简体   繁体   English

Python - 删除来自图像边界的黑色像素

[英]Python - Remove Black Pixels originatin from the border of an image

I am very new to Image processing and I am trying to cleanse pictures similar to picture 1 of the Black Pixels originating from the border of the Image.我对图像处理非常陌生,我正在尝试清理类似于源自图像边界的黑色像素的图片 1 的图片。

使用 PyMuPDF 截取字符的图像

The Images are clipped Characters from a PDF which I try to process with tesseract to retieve the character.图像是来自 PDF 的剪辑字符,我尝试使用 tesseract 处理以检索字符。 I already searched in Stackoverflow for answers, but only found resolutions to get rid of black borders.我已经在 Stackoverflow 中搜索了答案,但只找到了摆脱黑色边框的解决方案。 I need to overwrite all the black pixels from the corners with white pixels, so tesseract can correctly recognize the character.我需要用白色像素覆盖角落的所有黑色像素,以便 tesseract 可以正确识别字符。

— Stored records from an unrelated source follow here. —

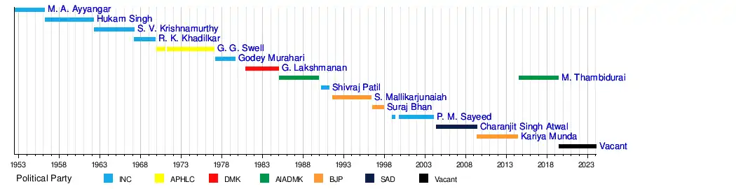 | 1 | M. Thambidurai | AIADMK | 4 years, 309 days | 9 years, 229 days | |
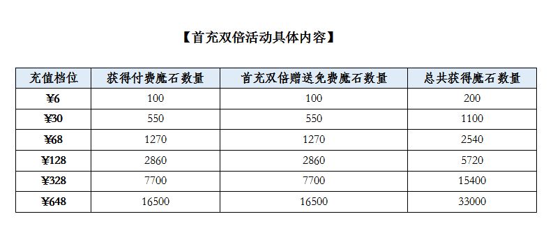 每个充值档位(仅限一次性获得付费魔石的商品项)的第一次充值均可享受魔石数量翻倍的福利!
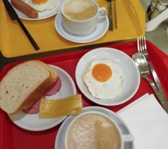 Очень не плохие завтраки. Чай, кофе зерновой, морсы, компот, тосты или хлеб, колбаса и сыр, масло, на выбор 2 горячих блюда: блинчики, яичница, сосиски, каши . Очаровательная и терпеливая хозяйка кухни Анна. Всегда внимательная и приветливая. Спасибо ей и ее помощнице.
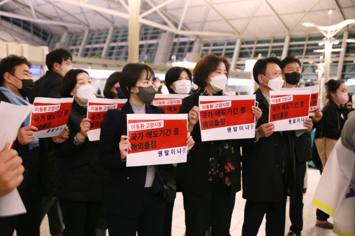 이러한 상황에서 지난 4일 고양시의회 더불어민주당 소속의원들은 성명서를 통해 "유명을 달리한 '이태원 참사' 희생자 156명의 명복을 빌고 유족들에게 깊은 애도를 전한다"며 "애도기간중 이동환 시장의 해외출장을 강력히 규탄한다."고 밝혔다.
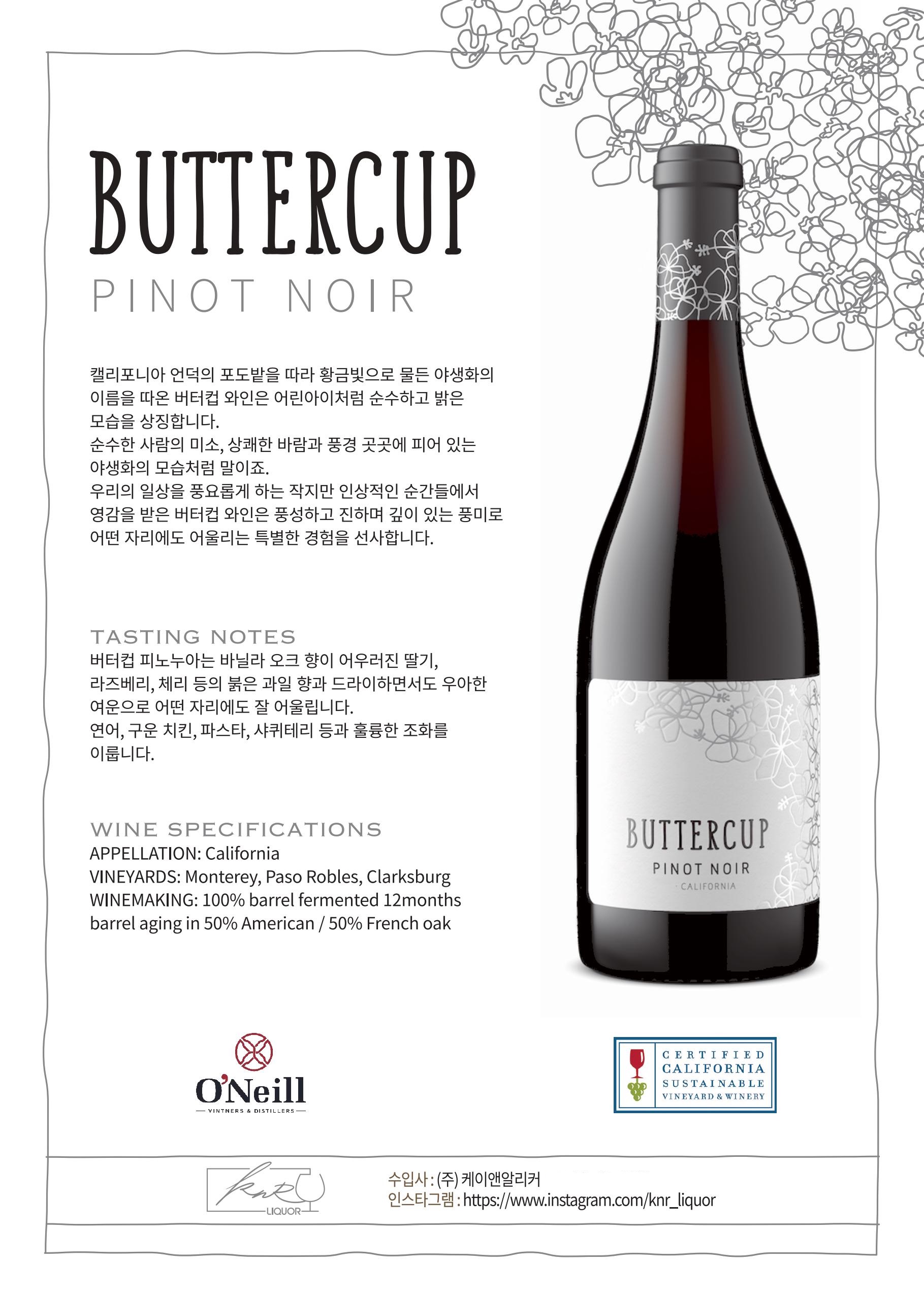 버터컵 피노누아는 잘 익은 체리, 라즈베리, 석류 등의 붉은 과실 향과 바닐라, 버터, 오크, 삼나무 향이
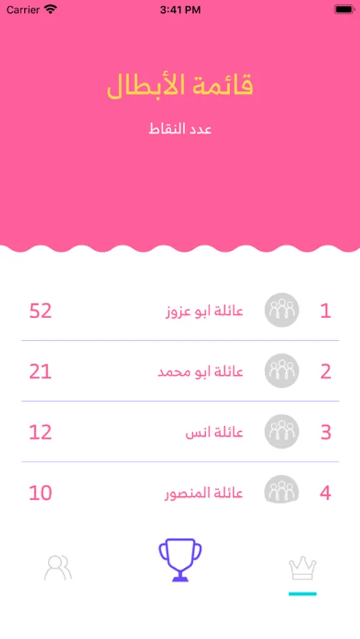 * تقدر تشوف النتايج لعائلتك والعوائل الثانية بقائمة الأبطال بالصفحة الرئيسية للعبة
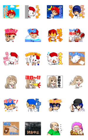 日常会話、あいさつ、お返事、応援、連絡まで色々使えるアニメスタンプ! お子様だけでなく、親御様にも役に立ちます!チームみんなでお使いください。【野球編】
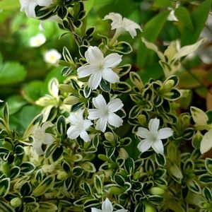 ハクチョウゲ 斑入り🌱 盆栽仕立てのハクチョウゲに今年も可愛らしい花が咲き出しました😊🤍綺麗な斑入りの葉っぱも爽やかです😉🌱✨天気が良いので朝ウォーキング20分してきました🚶♪♪
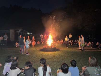 みんなで、ファイヤを囲んで、出し物を順番に披露していきます。それぞれの班で練習した成果を発揮し,大いに盛り上がりました。

I cannot alter the Bounding Boxes used to clip the Characters, since the characters are centered in different ares of the BoundingBox and if i Cut the BoundingBox, i would cut some Characters like seen below我无法更改用于剪辑字符的边界框,因为字符位于边界框的不同区域的中心,如果我剪切边界框,我会剪切一些字符,如下所示

已调整 BoundingBox 以适应之前看到的图像的字符的剪辑图像

My first guess would have been to recursively track down pixels with a certain threshhold of black in them, but I am scared of computing time in that case and wouldn't really know where and how to start, except for using two two-dimensional arrays, one with the pixels, and one with an indicator whether i already worked on that pixel or not.我的第一个猜测是递归地追踪具有一定黑色阈值的像素,但我害怕在这种情况下计算时间,并且真的不知道从哪里开始以及如何开始,除了使用两个二维 arrays ,一个带有像素,一个带有指示我是否已经在该像素上工作过。

Help would be greatly appreciated.帮助将不胜感激。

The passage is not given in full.